SECRET SHEPPERTON: ENGLAND’S HOLLYWOOD
By JILL ARMITAGE, photo-journalist and local history writer.
Newly published Paperback Book, 96 pages, 100 Illustrations.
A behind the scene look at Shepperton studios, revealing films that nearly didn’t get made and the scandalous happenings behind the scenes of those that did.
Secret Shepperton explores the history of the town from its early origins as an Iron Age settlement nestling on the banks of the River Thames. It’s the place where Caesar crossed the river in AD 54. Subsequent river finds reveal that this area regularly encountered invaders, such as the Saxons, who grazed sheep here and called it Shepperton. It’s always been a place that attracts artists, including Turner and Constable as well as writers such as Charles Dickens and H. G. Wells.

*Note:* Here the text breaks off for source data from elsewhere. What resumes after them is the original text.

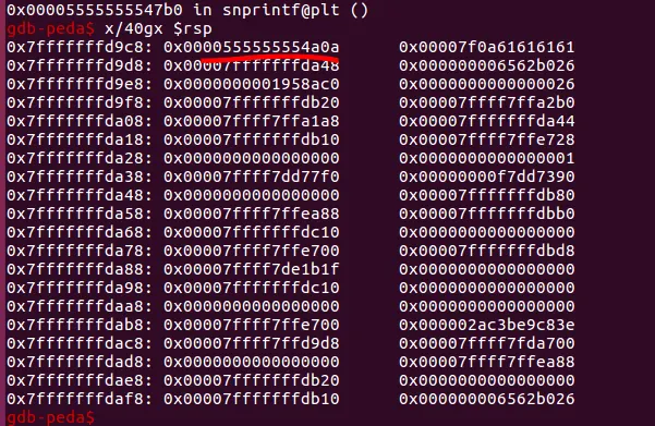 snprintf가 호출되기 직전의 스택 상황은 다음과 같다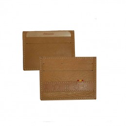 Card holder for men or women in wrinkled leather, caramel color with detail of the "Flag of Spain" in fabric. It has a central pocket for bills and four slots for credit cards. It is flat and very comfortable to carry in your pocket. Composition: 100% cow leather and fabric. Measures: 10 cm x 7.5 cm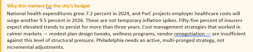 - This is not a new problem. In 2008, the Pew Charitable Trusts and the Economy League published “Philadelphia’s Quiet Crisis,” documenting that healthcare costs had risen 80 percent in five years and projected they would consume 28 percent of the city budget by FY2012.[5] The current trajectory is a continuation of that problem — one that has persisted across multiple administrations, dozens of labor contracts, and four successive Five-Year Plans without a documented management strategy.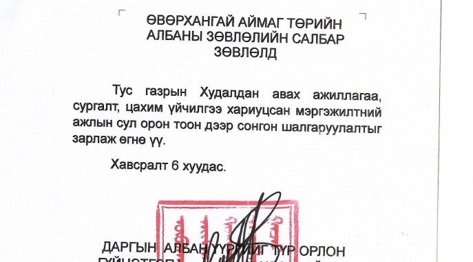 ХУДАЛДАН АВАХ АЖИЛЛАГАА ХАРИУЦСАН МЭРГЭЖИЛТЭНИЙ АЛБАН ТУШААЛЫН ТОДОРХОЙЛОЛТ...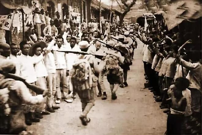 装备对比:脚蹬草鞋的士兵”与日军机械化部队的对比。

In the twentieth century, Shepperton was dubbed the playground of London and Richard D’Oyly Carte bought an island there to build a mini version of his Savoy Hotel. In 1931, Sir Richard Burbridge, Chairman of Harrods, sold his Shepperton mansion, Littleton Park House, to film producer Norman Loudon at a time when ‘the pictures’ were in their infancy, but a new fad was catching on – films with sound. Sound City was the forerunner of Shepperton Studios, still operating today and known throughout the world as the ‘Hollywood of England’.